━━ Dataset content

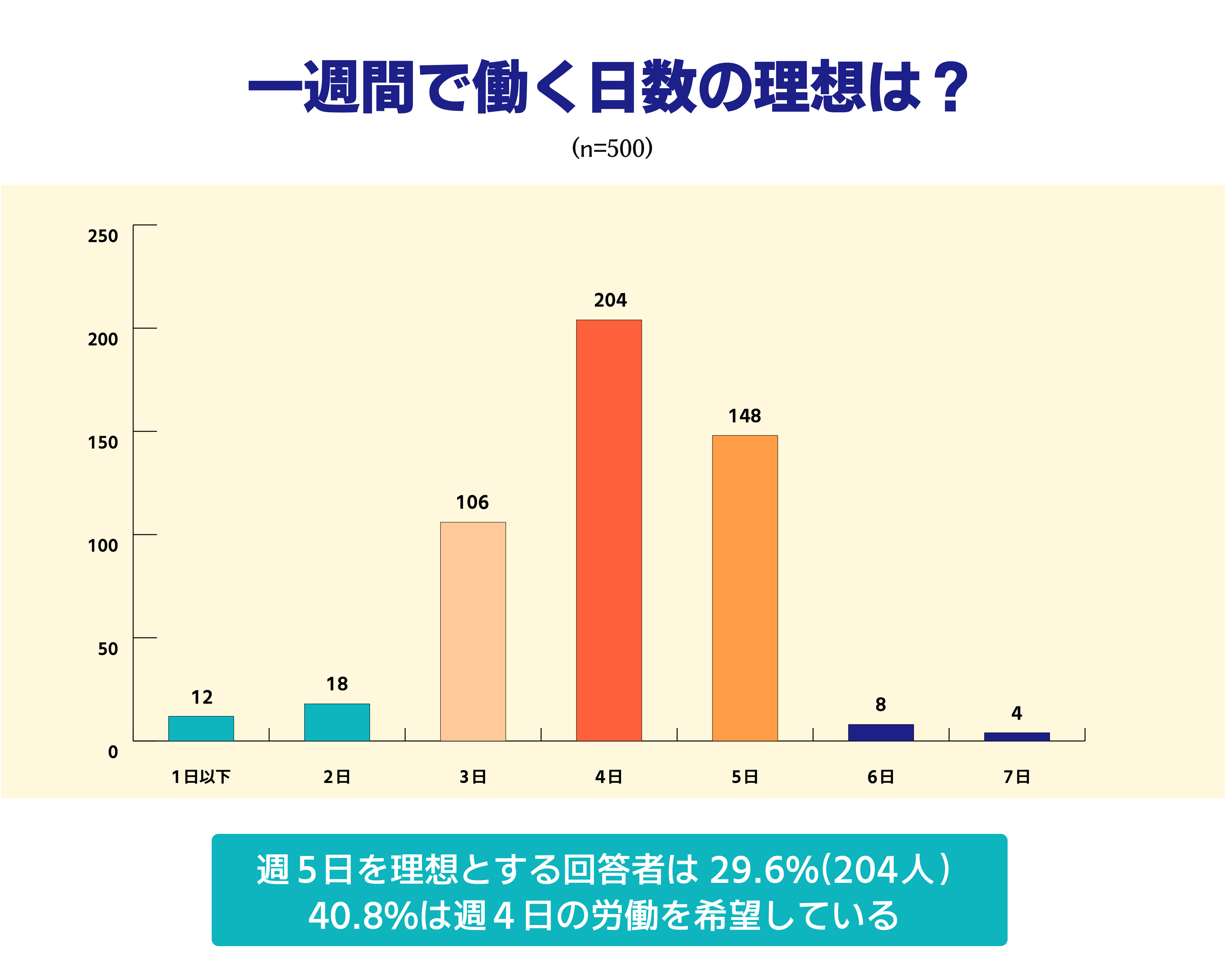 - 理想的な労働日数として最多の回答を得たのは「週4日」(40.8%)
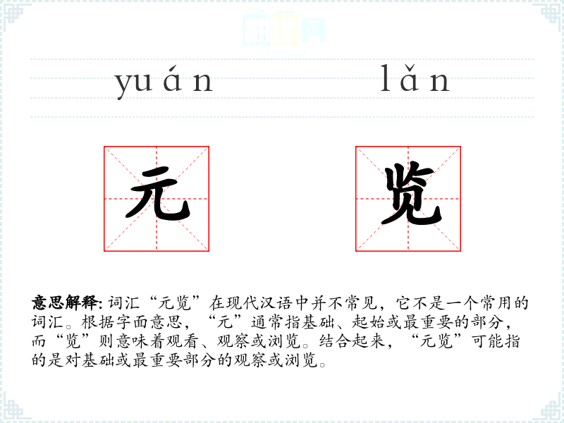 "元览"的意思解释、元览是什么意思由翻译网汉语词典查词提供。
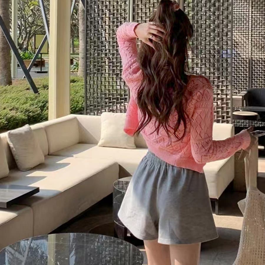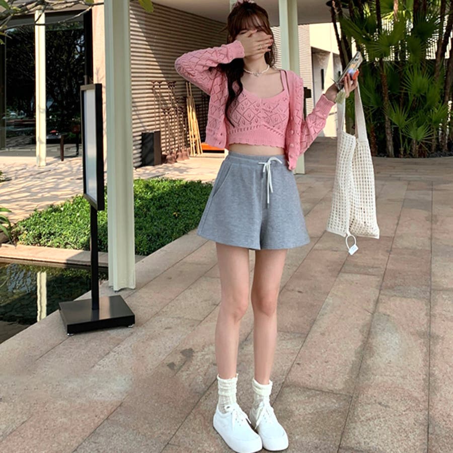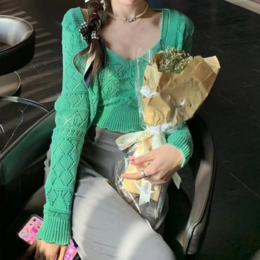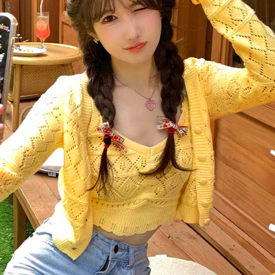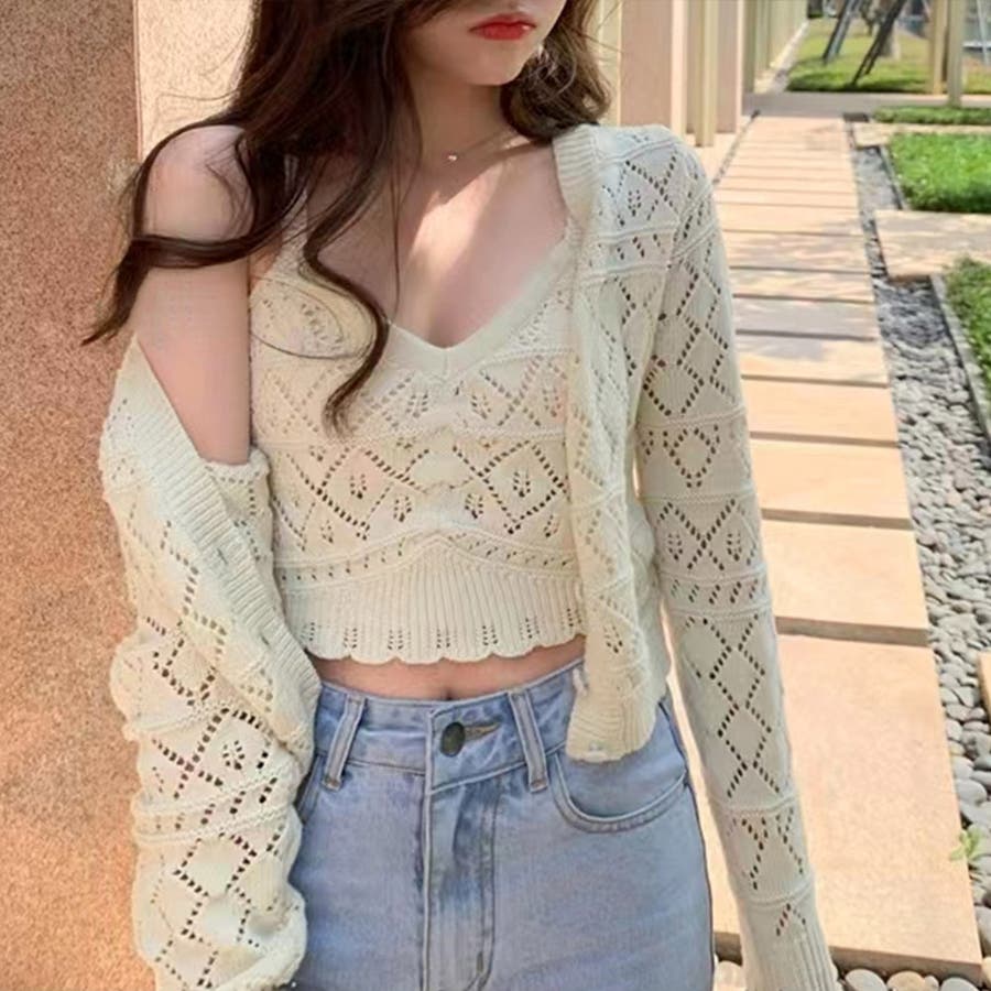 コンパクトなシルエットで着やせするカーディガン&キャミソールの2点セットアイテム
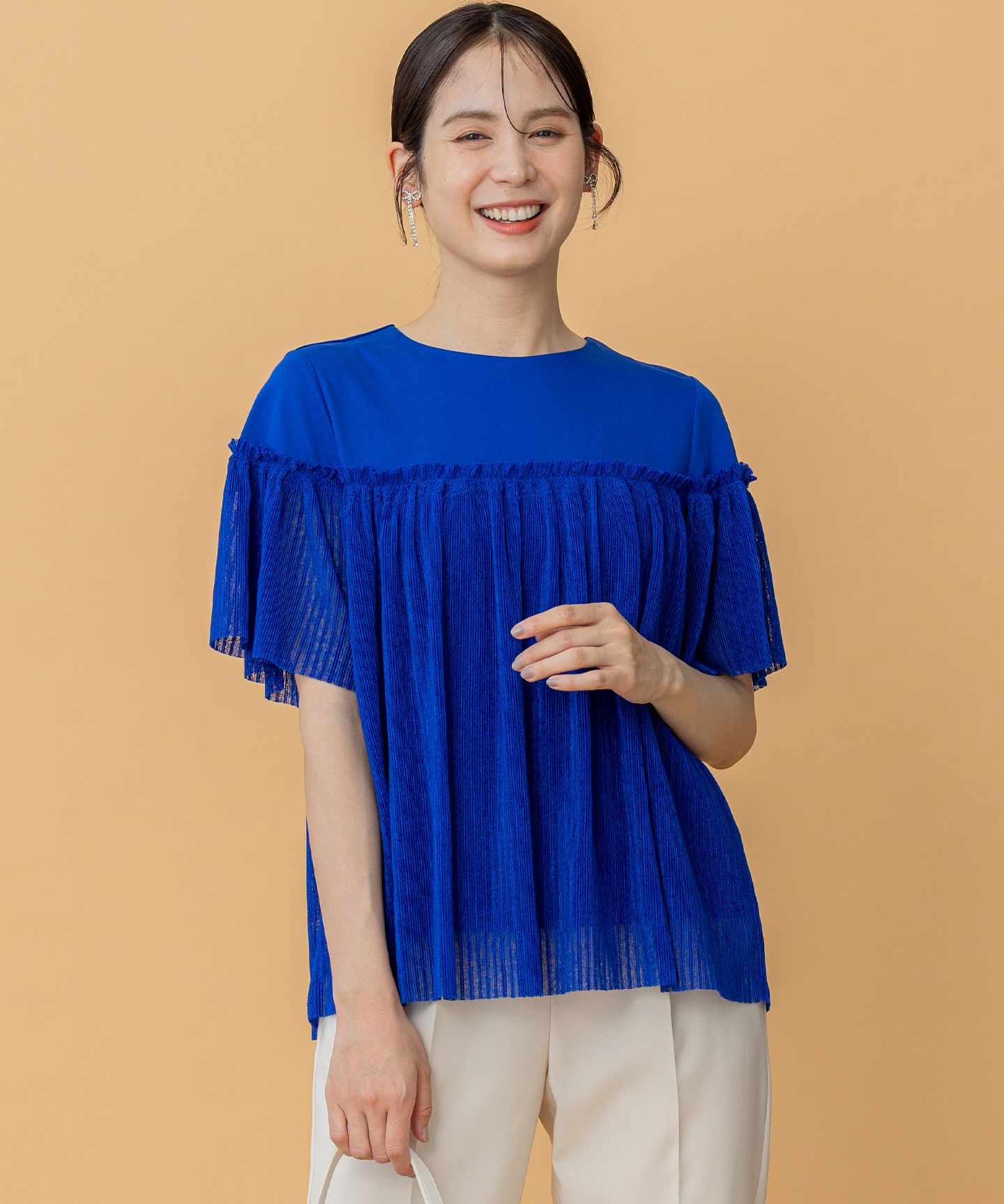 23区(ニジュウサンク)/【汗じみ防止/洗える】ランダムフリルジャージー ドッキング カットソー
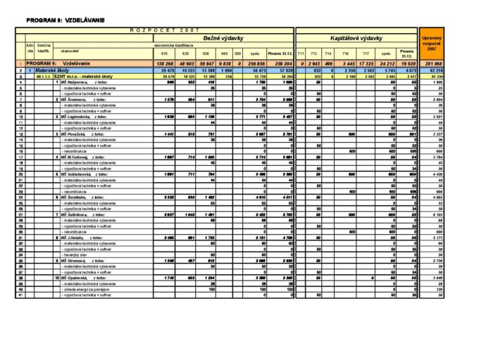 Hlavná stránka > Samospráva > Transparentný Trenčín > Rozpočet mesta > Rozpočet mesta – rok 2007 > Program 9
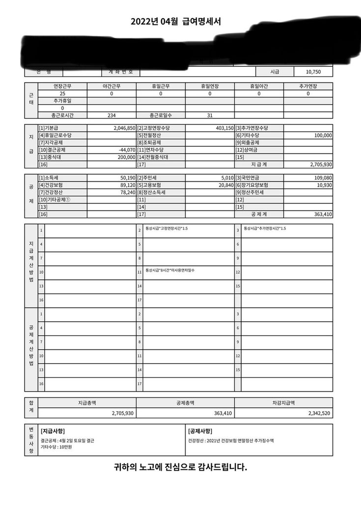 (계약서 작성시기때보다 시급이 더 높아져서 계약서 고정연장수당과 명세성 고정연장수당이 다름은 참고부탁드립니다)

━━━━

_What to produce_
Transcribe every line in the entries above, taking out only the images.

_Task solution_
 - 理想的な労働日数として最多の回答を得たのは「週4日」(40.8%)
 "元览"的意思解释、元览是什么意思由翻译网汉语词典查词提供。
 コンパクトなシルエットで着やせするカーディガン&キャミソールの2点セットアイテム
 23区(ニジュウサンク)/【汗じみ防止/洗える】ランダムフリルジャージー ドッキング カットソー
 Hlavná stránka > Samospráva > Transparentný Trenčín > Rozpočet mesta > Rozpočet mesta – rok 2007 > Program 9
 (계약서 작성시기때보다 시급이 더 높아져서 계약서 고정연장수당과 명세성 고정연장수당이 다름은 참고부탁드립니다)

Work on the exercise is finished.